Data under study:
● ● ●
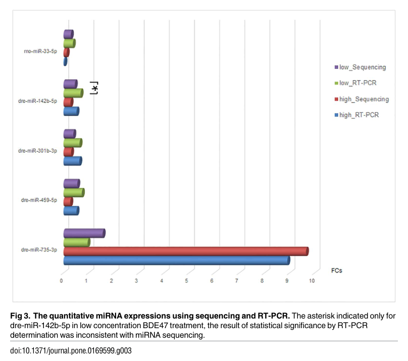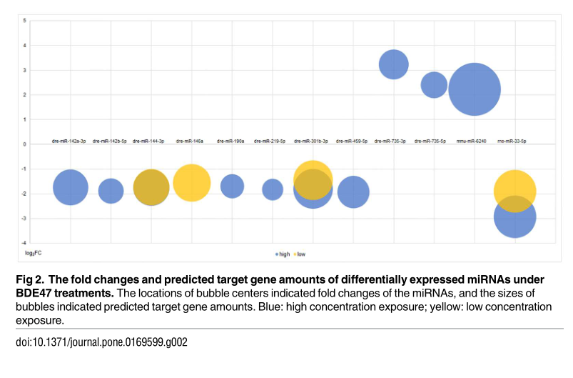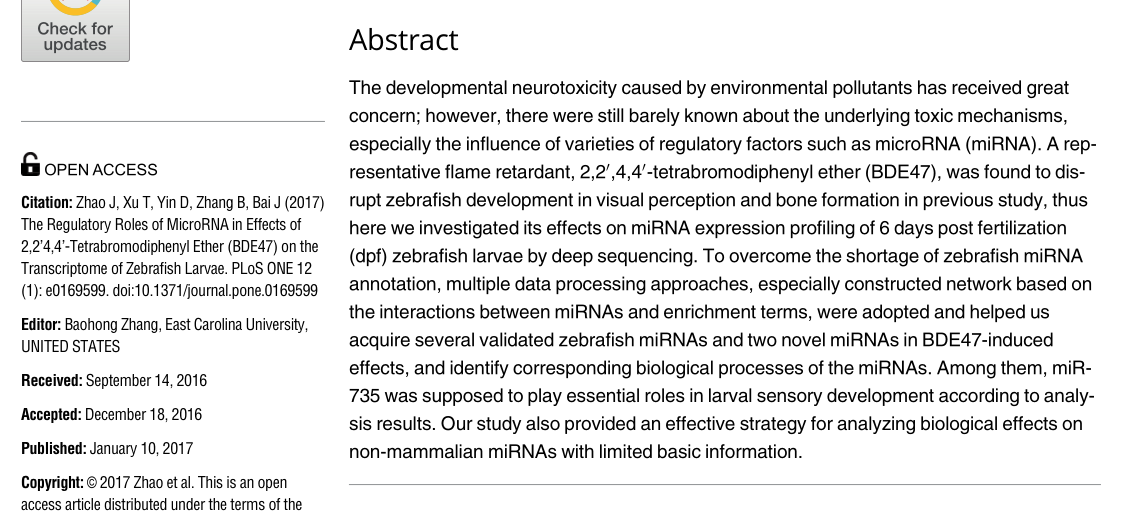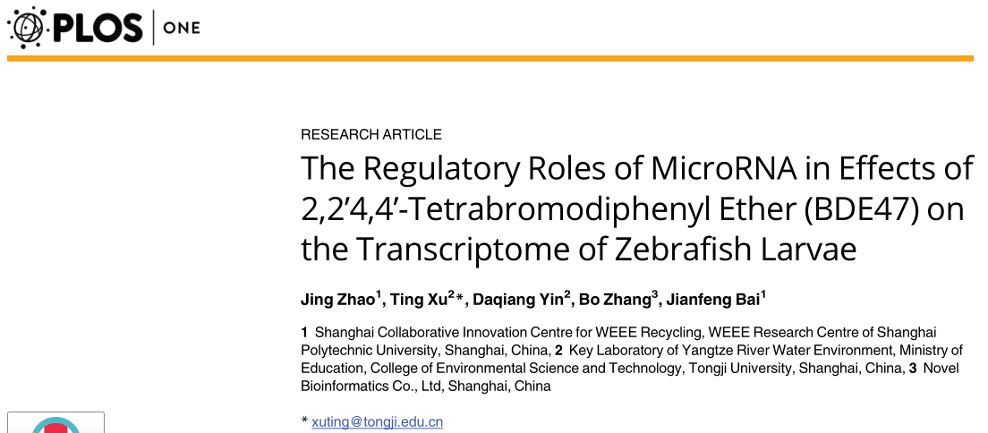 Zhao, J., Xu, T., Yin, D., Zhang, B. & Bai, J. The Regulatory Roles of MicroRNA in Effects of 2,2’4,4'-Tetrabromodiphenyl Ether (BDE47) on the Transcriptome of Zebrafish Larvae. PLoS One 2017 Jan;12(1):e0169599. (IF=2.806)
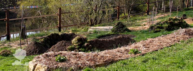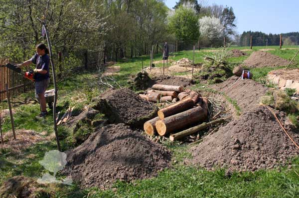 A je to! Jen Jirka s Tomem vykřikovali, že další vysoký záhon již ručně nebudují. Prý si mám objednat bagr a dostatek dřeva na výplň. Pravda je, že Sepp vysoké záhony na svém mnohahektarovém pozemku nebuduje ručně, ale za pomoci techniky.
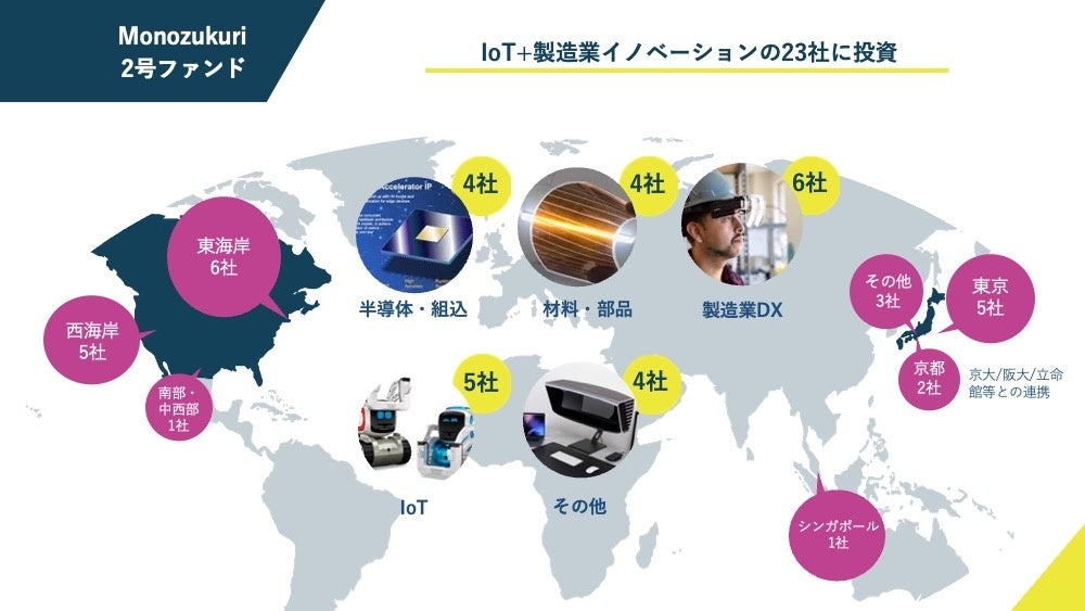 Monozukuri 2号ファンドでは、これまでMZVが投資・支援してきた「IoT領域」に加え、製造業を進化させる領域を「製造業イノベーション領域」と位置づけ、「製造業DX」の枠にとどまらず、「材料・部品」や「先端製造技術」「調達・サプライチェーン」などを投資対象としています。現在までに日本、アメリカ、シンガポールのスタートアップ23社に投資(追加投資を含む)を実施しています。
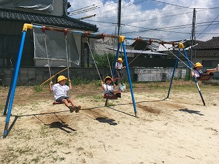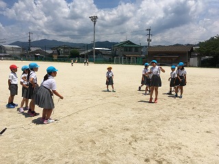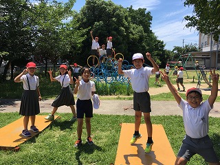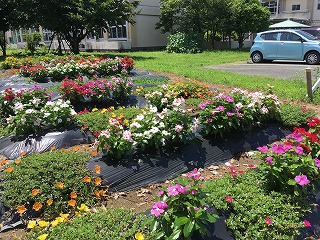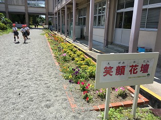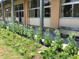 | ☆平成30年6月17日(日) ・梅雨に入りましたが、いい天気の日が多いようです。昼休みの様子です。 【3年生が大縄】 ・自分たちで回して、跳んで、交代して、仲良く遊んでいました。 【5年生がサッカー】 ・天気が良ければ、毎日サッカーです。元気ですね。 【1年生ブランコ】 ・おしゃべりしながら、楽しそうでした。 【5年生】 ・中庭でジャングルジムやジャンプボードで遊んでいました。男の子も女の子も一緒で、仲がいいです。 【職員室横の笑顔花壇】 ・カラフルに咲いています。 【南門入ってすぐの花壇】 ・3年生と4年生の学級花壇です。 【1年教室横のベランダ】 ・生活科で育てている朝顔が育っています。花はまだ咲いていないようでした。 【理科室横の学級農園】 ・あすなろ2組の農園。キュウリやナスが大きく育ていました。 ★明日から、プールでの授業が始まります。水泳セットの準備をよろしくお願いします。 |
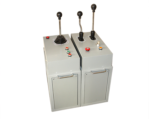 機械傳動部份裝在箱體上部的罩內,該傳動機構分為單手柄聯動操縱機構、抓斗雙手柄操縱機構、主付鉤雙手柄操縱機構、單手柄操縱機構以及單手柄水平操縱機構。手柄運動都是用直齒齒輪傳動凸輪軸的??刂破鞯耐馆嗇S均為立式布置,傳動部份各支點全部用滾動軸承,以降低功率損耗。
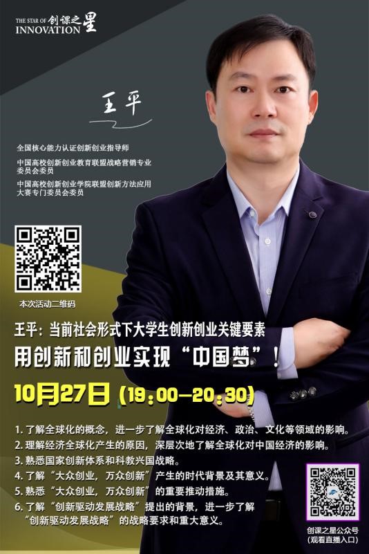 | 10月27日19:00-20:30 | 创新创业实践教育-用创新和创业实现“中国梦” | 王平 |
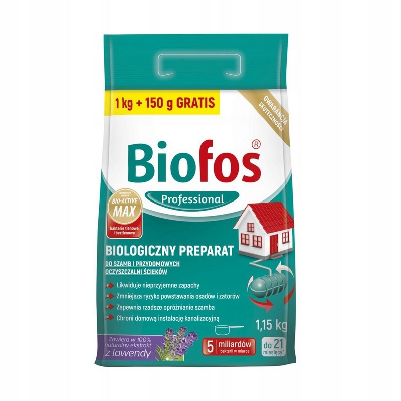 Biofos Professional to produkty przeznaczone do utrzymania szamb oraz przydomowych oczyszczalni ścieków. Preparaty zawierają innowacyjną formułę Bio-Active Max ze składnikiem aktywnym biologicznie. Są to bezpieczne dla ludzi, zwierząt i środowiska bakterie, które działają kompleksowo wewnątrz domowego systemu instalacji sanitarnej, przyspieszając procesy rozkładu i upłynniania ścieków. Preparat Biofos Professional zawiera zarówno szczepy bakterii tlenowych jak i beztlenowych. Dzięki temu działa w każdych warunkach. Regularne stosowanie preparatów redukuje uciążliwe zapachy, zapewnia zmniejszenie ilości osadu, upłynnienie zawiesiny oraz skuteczną biodegradację zanieczyszczeń. W praktyce pozwala to na rzadsze wywozy nieczystości. Dla wielu klientów istotną zaletą korzystania z tych preparatów będzie zapobieganie zapychaniu odpływów, których mechaniczne czyszczenie jest bardzo kosztowne. Produkty Biofos Professional upłynniają ścieki, usprawniając proces rozkładu i wspomagając drożnośc rur. Produkty do szamb i przydomowych oczyszczalni ścieków, dostępne są w różnych pojemnościach, w formie tabletek i proszku. Wybór odpowiedniego produktu nie powinien jednak nastręczać trudności, mimo, że są to produkty specjalistyczne. Każdy produkt na naszej stronie zawiera opis dawkowania i kartę charakterystyki. Preparaty do przydomowych oczyszczalni różnią się między sobą nieznacznie, ale mogą zadziałać skutecznie tylko wtedy, kiedy są właściwie podane. Największe znaczenie ma zrównoważone i zgodne z instrukcją aplikowanie. Biofos Professional specjalizuje się w rozwiązaniach, poprawiających funkcjonowanie szamb i oczyszczalni ścieków a skuteczność preparatów tej marki potwierdzają badania wykonane przez Wydział Instalacji Budowlanych, Hydrotechniki i Inżynierii Środowiska Politechniki Warszawskiej. Oznacza to wysoką skuteczność działania i bezpieczeństwo dla użytkowników i otoczenia.
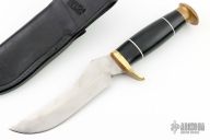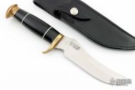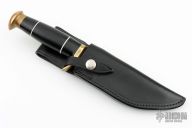 This knife by John Nelson Cooper was made for Bianchi, it features an upswept satin finished blade with notched thumbrest, .236" blade stock and 1.444" blade depth, hidden tang construction. The handle has brass guard and butt, paper micarta grip with white spacers. Comes with a black leather sheath and a zippered case. Has some light patina, otherwise excellent condition.
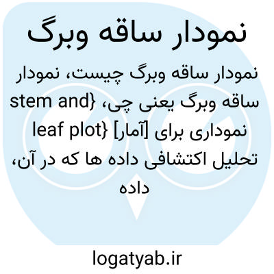 {stem and leaf plot} [آمار] نموداری برای تحلیل اکتشافی داده ها که در آن، داده ها به طور هم زمان براساس مقدارشان مرتب می شوند و شکل کلّی توزیع فراوانی زمینه ای داده ها نیز به نمایش درمی آید
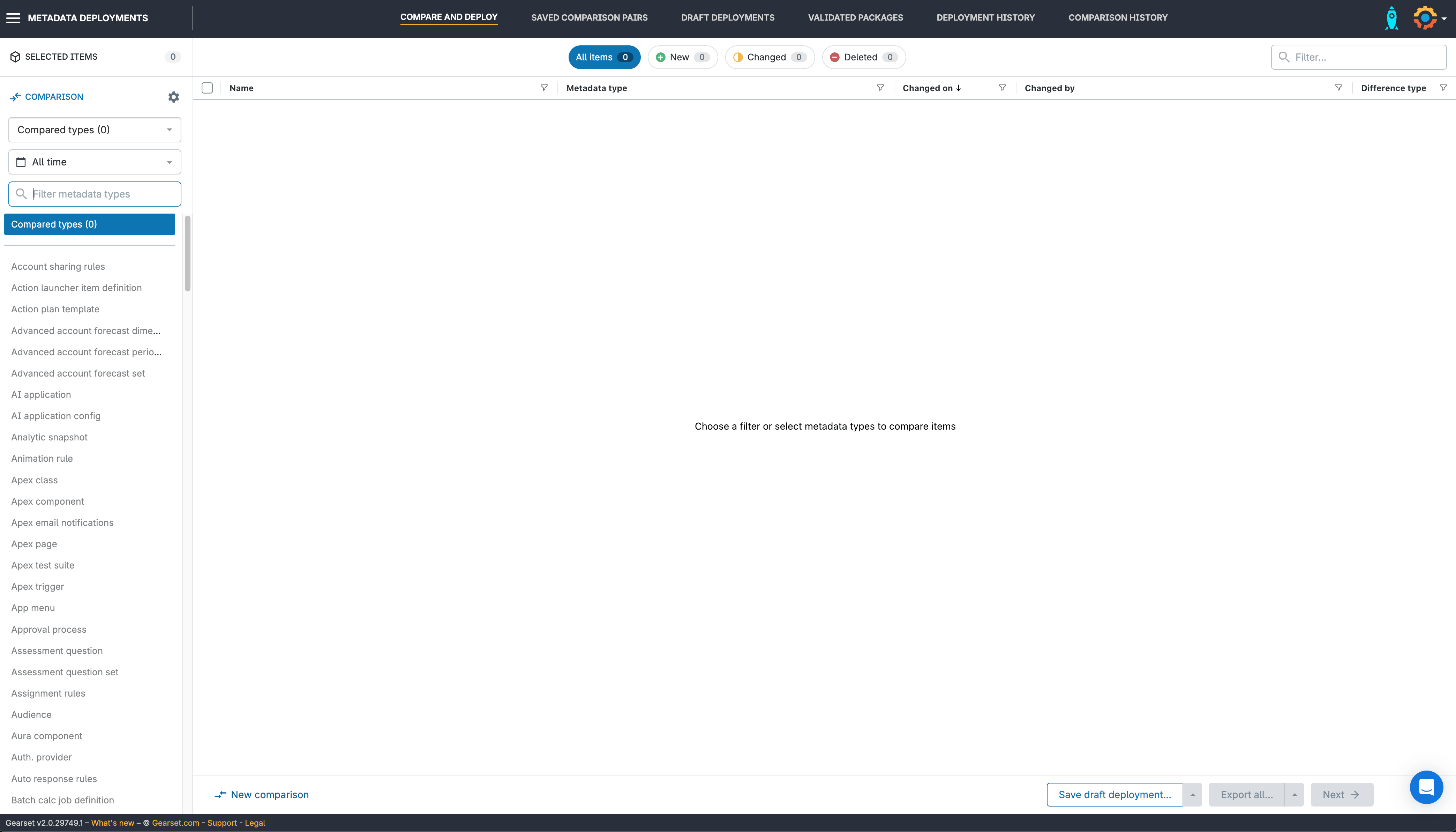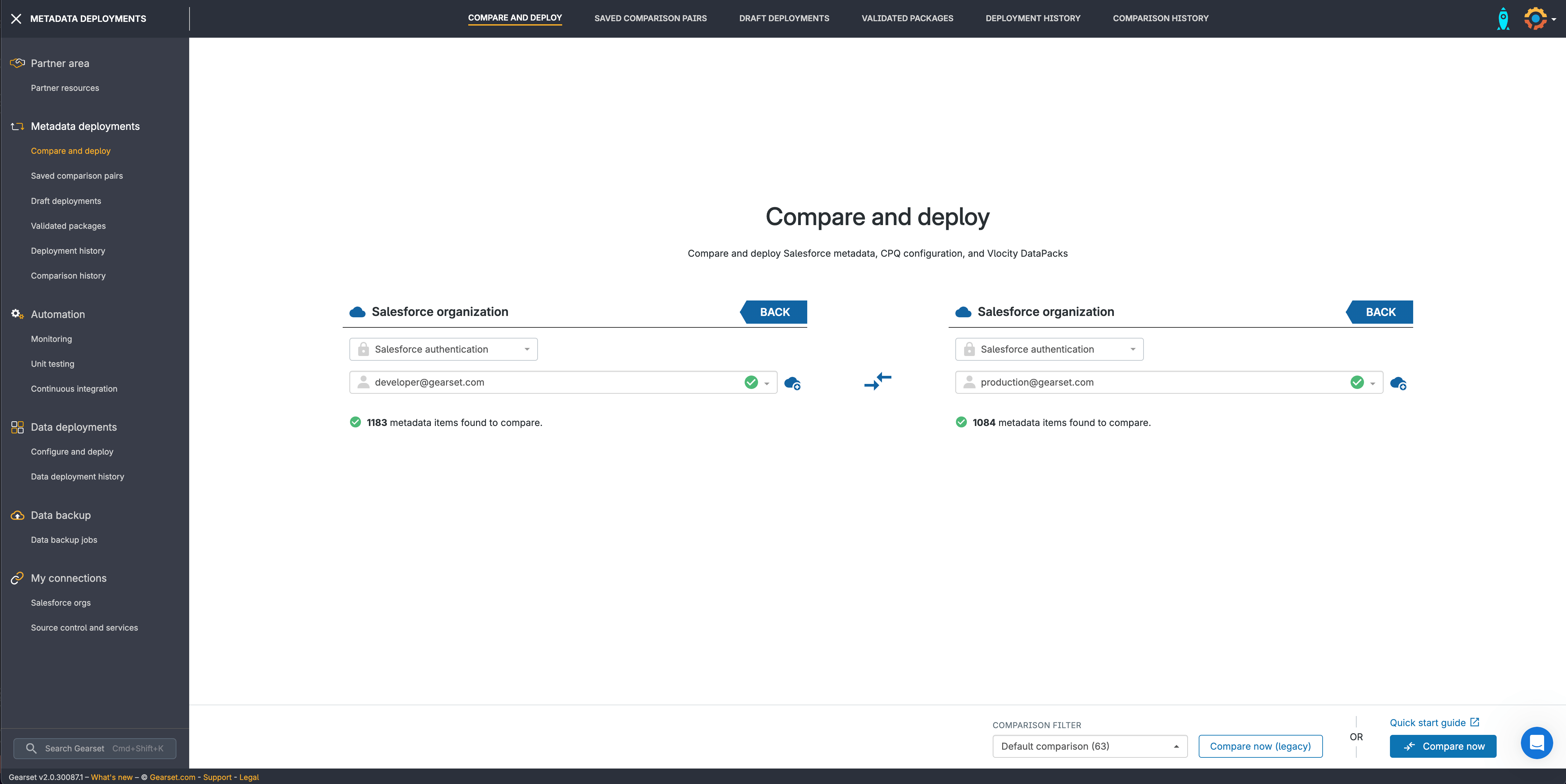 • Faster comparisons of your orgs. No more loading screens when running your comparison. Instead you’ll be taken straight to your comparison results and see them update in real time, significantly speeding up the whole comparison process.
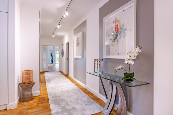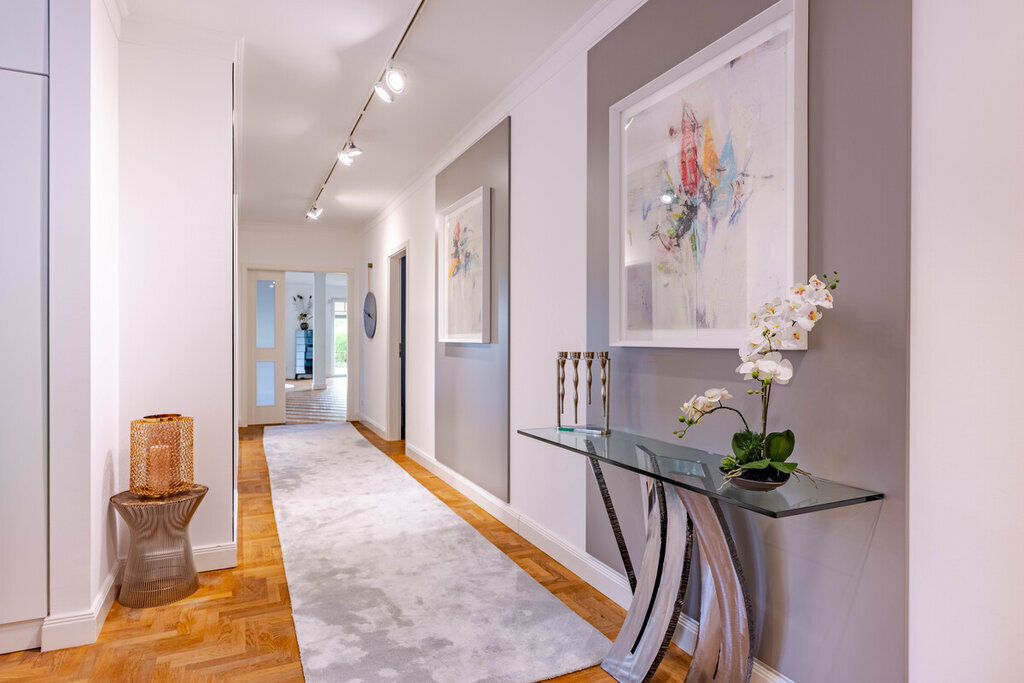 Die ca. 192 m² große Erdgeschosswohnung erstreckt sich über das gesamte Geschoss und verfügt über einen direkten, privaten Zugang vom Fahrstuhl. Bereits beim Betreten eröffnet sich eine durchgehende Blickachse bis zur Elbe. Hohe Decken, ausgesuchte Materialien wie Fischgrätparkett und ein durchdachter Grundriss sorgen für ein exklusives Wohngefühl.
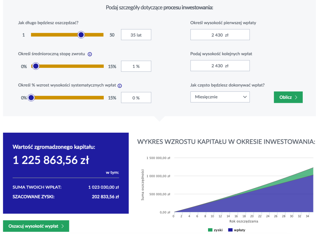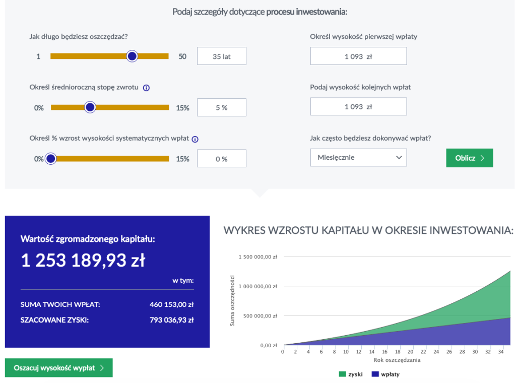 Jasno widać, że zakładając wzrost naszych inwestycji 5% ponad inflację, starczy, że będziemy dopłacać do naszego portfela 1093zł miesięcznie, by mieć taką samą emeryturę jak nasz kolega z UoP.
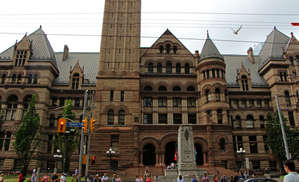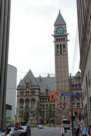 В Торонто мы разместились в отеле возле порта на берегу Онтарио. Вечером нас ждал супер-концерт групп "Def Lepard" и "Kiss". А перед концертом мы решили пешком прогуляться в даунтаун к "Хард Рок кафе". Наш путь и проходил мимо знаменитой телевышки через самый высотный район города Old Toronto и далее возле Сити-холла. Мы шли по фотогеничному городу, но чего-то сильно не хватало. Может свежести впечатлений, а может влиял на настроение повсеместный ремонт улиц. Ведь сильно раздражает, когда постоянно приходится по узким трапикам переходить разрытые участки и по сторонам наблюдать сплошные ограничения из не струганной доски и сетки "рабицы".
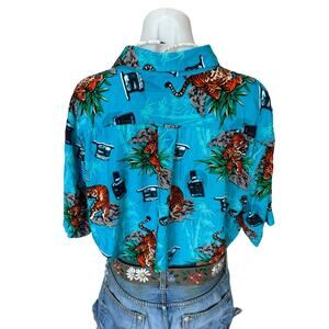 Hawaiian Shirt Button Down Crop Top One Size Boxy Surfer Tigers Tequila Oversize
● ● ●
Work to complete: Your reply should hold nothing but the lines above, from the one containing "whole comparison process." to the one containing "Die ca. 192 m²", reproduced exactly minus the pictures.

Response:
 • Faster comparisons of your orgs. No more loading screens when running your comparison. Instead you’ll be taken straight to your comparison results and see them update in real time, significantly speeding up the whole comparison process.
 Die ca. 192 m² große Erdgeschosswohnung erstreckt sich über das gesamte Geschoss und verfügt über einen direkten, privaten Zugang vom Fahrstuhl. Bereits beim Betreten eröffnet sich eine durchgehende Blickachse bis zur Elbe. Hohe Decken, ausgesuchte Materialien wie Fischgrätparkett und ein durchdachter Grundriss sorgen für ein exklusives Wohngefühl.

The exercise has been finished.